Arkansas darter
- Conservation status: Near Threatened (IUCN 3.1)

Scientific classification
- Kingdom: Animalia
- Phylum: Chordata
- Class: Actinopterygii
- Order: Perciformes
- Family: Percidae
- Genus: Etheostoma
- Species: E. cragini
- Binomial name: Etheostoma cragini C. H. Gilbert, 1885

= Arkansas darter =

- Authority: C. H. Gilbert, 1885
- Conservation status: NT

Species of fish

The Arkansas darter (Etheostoma cragini) is a species of freshwater ray-finned fish, a darter from the subfamily Etheostomatinae, part of the family Percidae, which also contains the perches, ruffes and pikeperches.
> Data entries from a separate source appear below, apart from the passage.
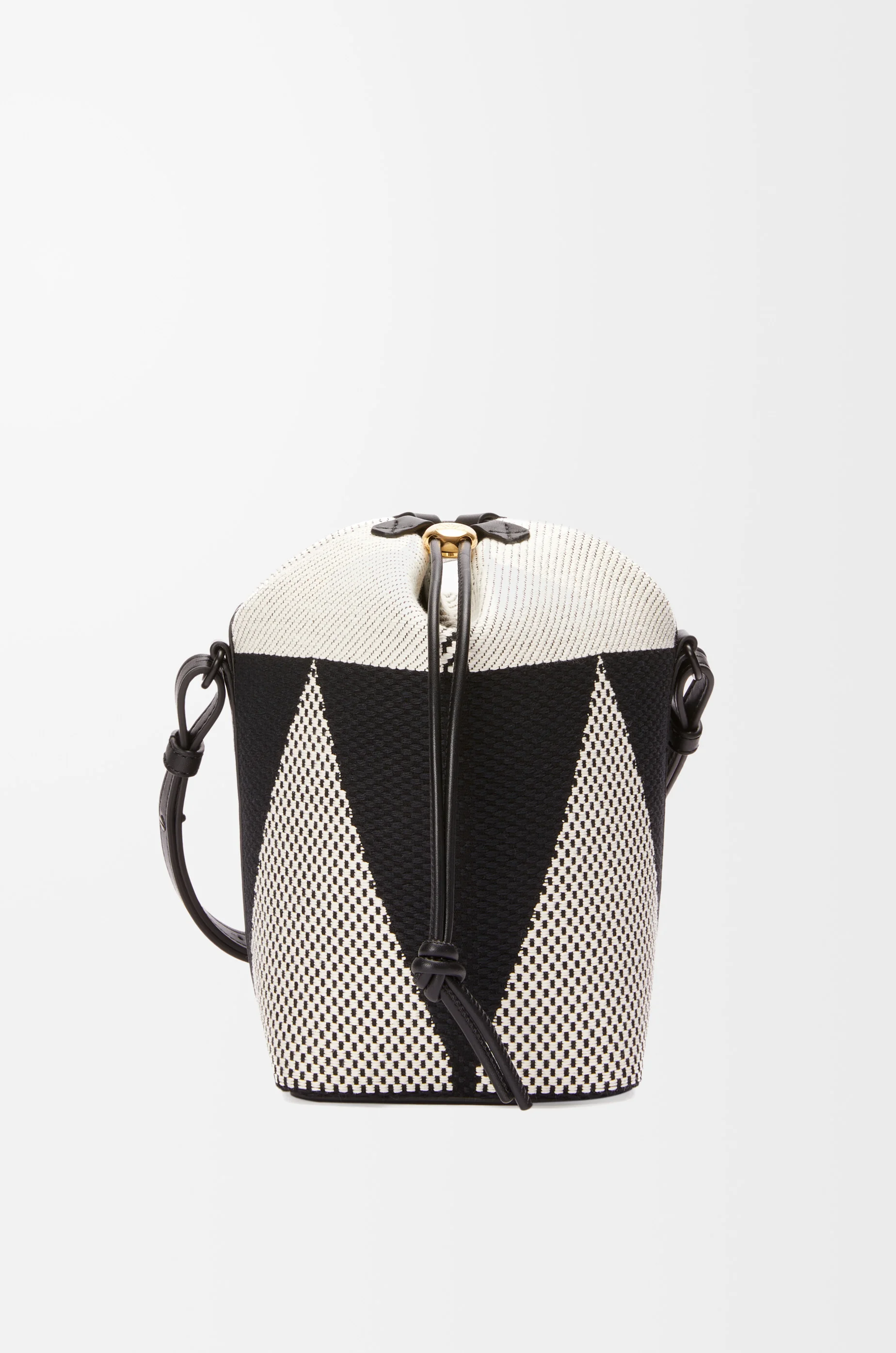 This special edition bucket created in collaboration with US-based artist Kay Sekimachi showcases her pioneering work in loom weaving, inspired by her 1999 linen series Takarabako. This small version is crafted in cotton jacquard with calfskin base and details. - Detachable and adjustable calfskin strap - Calfskin drawstring closure with Anagram Pebble fastening - Textile lining - Gold embossed Kay Sekimachi LOEWE - Embossed Anagram Details - Colour : Natural/Black - Metallic colour : Gold - Main material : Textile - Strap length : 117 - 131 cm - Strap drop : 57 - 66 cm - Weight : 0.286 kg - Height (cm) : 23 - Width (cm) : 12 - Depth (cm) : 12 - Height (inch) : 9.1 - Width (inch) : 4.7 - Depth (inch) : 4.7 - Model ID : A754300X01 - CIL : - 0011124815 - Made in : Spain
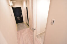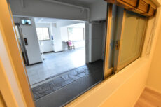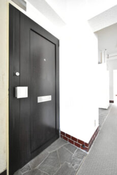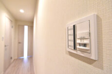 玄関周りもタイルとかヴィンテージ感があっていいですね。ドア横にはモニター付きインターホンが新たに設置され、室内に居ながらにして玄関前の様子を確認することが可能です。手が離せないときなどにとても助かりますよ。
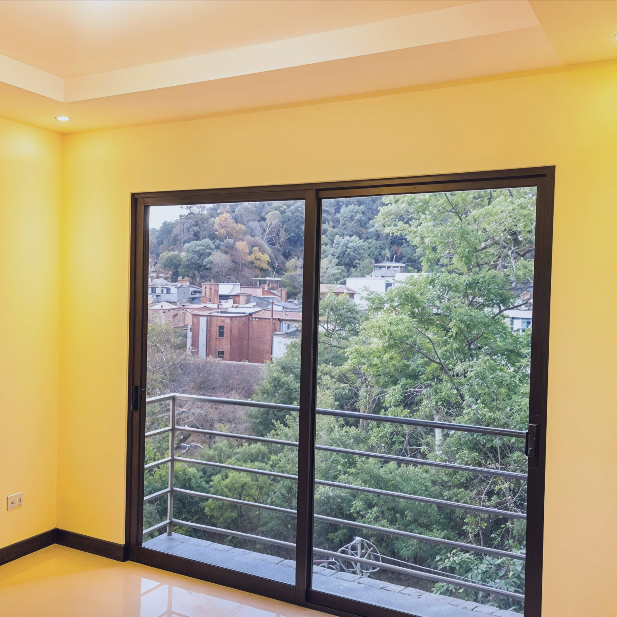 - Puertas y ventanería de vidrio sistema Akari móvil-móvil color bronce, con agarraderas de seguridad de lujo.
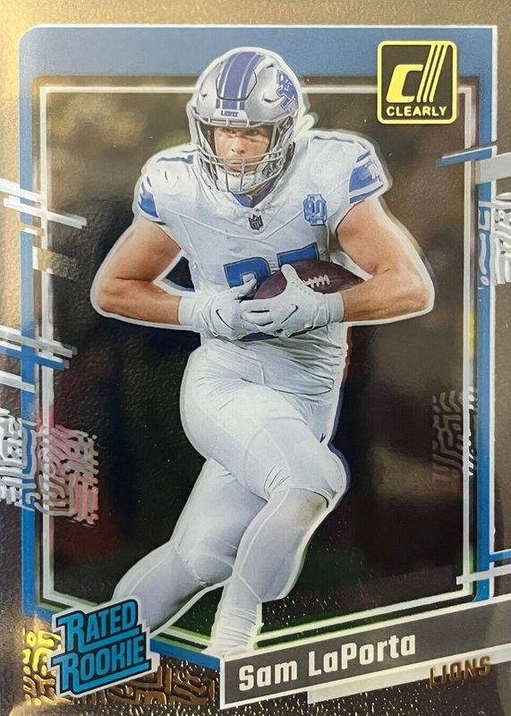 This card is 1 of 15 Sam LaPorta's card variations in the 2023 Clearly Donruss set being tracked by Sports Card Investor, including Base, Holo Mosaic, Holo Rated Rookie Logo, Purple /199, and Blue /99.
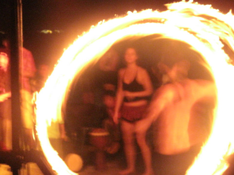 As the evening progresses I notice that the photos I am taking are increasingly out of focus. I wonder if it’s me; have I had too many jugs of rum and coke? Or it is the people I am photographing; perhaps they have had too many? Or maybe I am just capturing the vibe, because it all seems to get rather blurry and surreal. The storm passes and we all stumble outside to clear our heads, bask in the star light, eat barbecued fish and watch the fire dance show. Then it’s the rhythm of the drums and the gentle lapping of waves on the shore as the dancers twirl and swirl in a whirl of fire.
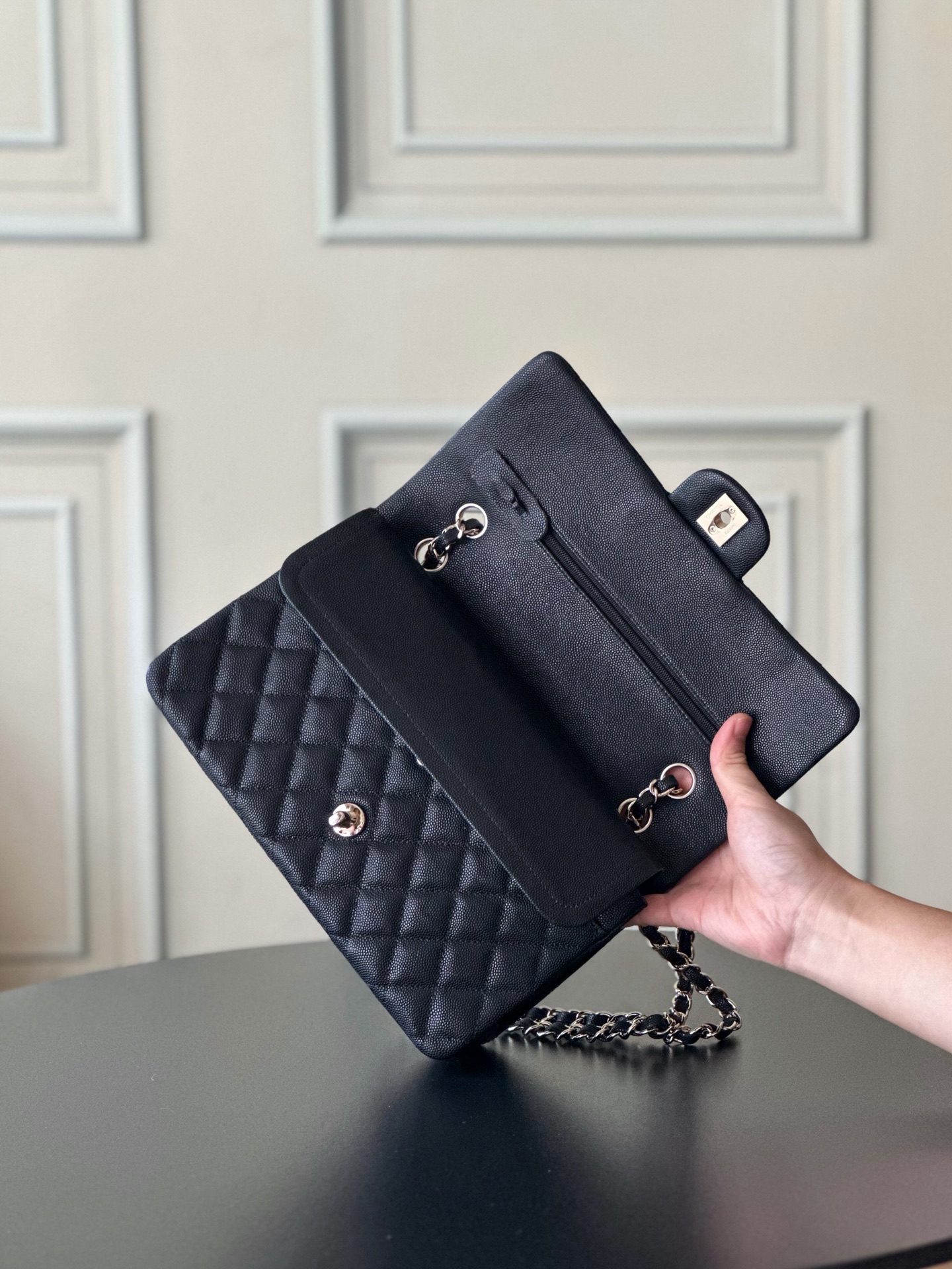 这款包包是AAAAA 1:1 质量 (非常棒). 使用了和原版一模一样的材料. 商标部分也保持了和香奈儿/Chanel一样. 图片拍摄是实物包包拍摄, 您所收到的实物保证和我们图片一模一样.
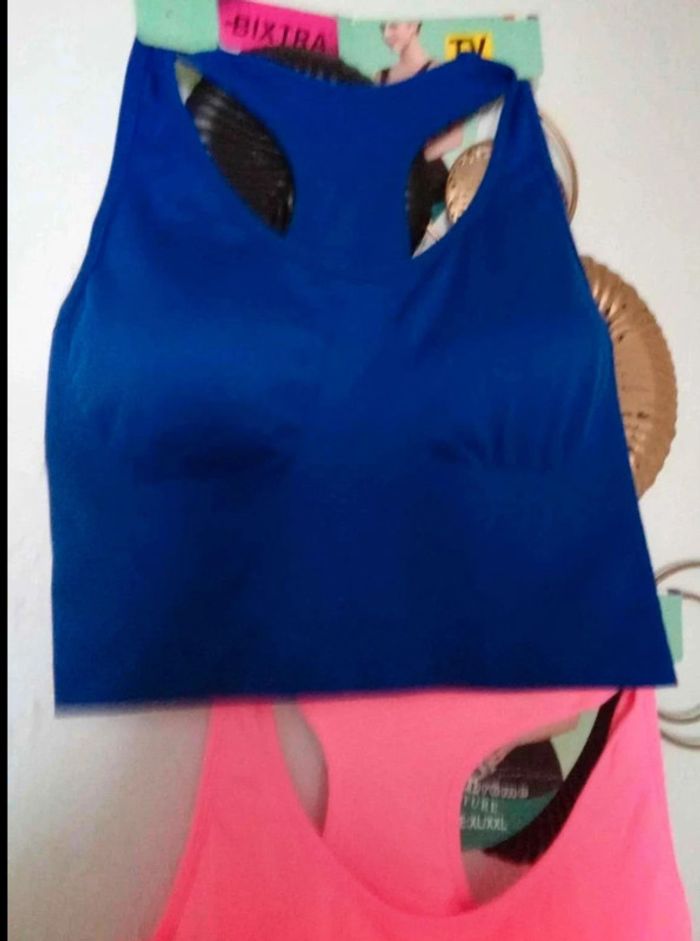 Lot de 2 brassière Taille xl/xxl Convient pour un S/L petit xl Tissu qui sert bien Jamais mis Aucune offre ne sera acceptée

It is endemic to the United States where it is found in Kansas, Arkansas, Missouri, Colorado, and Oklahoma.

==Description==
The Arkansas darter has an olive-brown dorsal surface spotted with fine black markings, and a yellowish-white underside except that in males during the breeding season, the belly turns bright orange. It has a blackish wedge-shaped blotch beneath its eye and there are 12 to 14 dark stripes along the sides. This species reaches a maximum size of 6 cm.

==Distribution==
The Arkansas darter, despite its name, is primarily found in Kansas. However, its range encompasses the Arkansas River drainage system and this extends into eastern Colorado, southwestern Missouri, northeastern Arkansas and north-central Oklahoma, as well.

==Behavior==
The Arkansas darter moves up and down stream by as much as several kilometers in accordance with varying water flows. It feeds on small insects and their larvae and sometimes consumes plant material such as seeds. It reaches sexual maturity at about a year and spawns during the spring and summer. The eggs are laid in shallow water on gravel bottoms in open areas or among organic debris accumulations.

==Status==
The IUCN lists the Arkansas darter as being Near Threatened. It has a limited distribution and threats to this species include the lowering of the water level in streams resulting from groundwater pumping in the western part of its range, and potential development pressures in the eastern part. Drought can also cause water levels to fall and runoff from feed lots may cause pollution.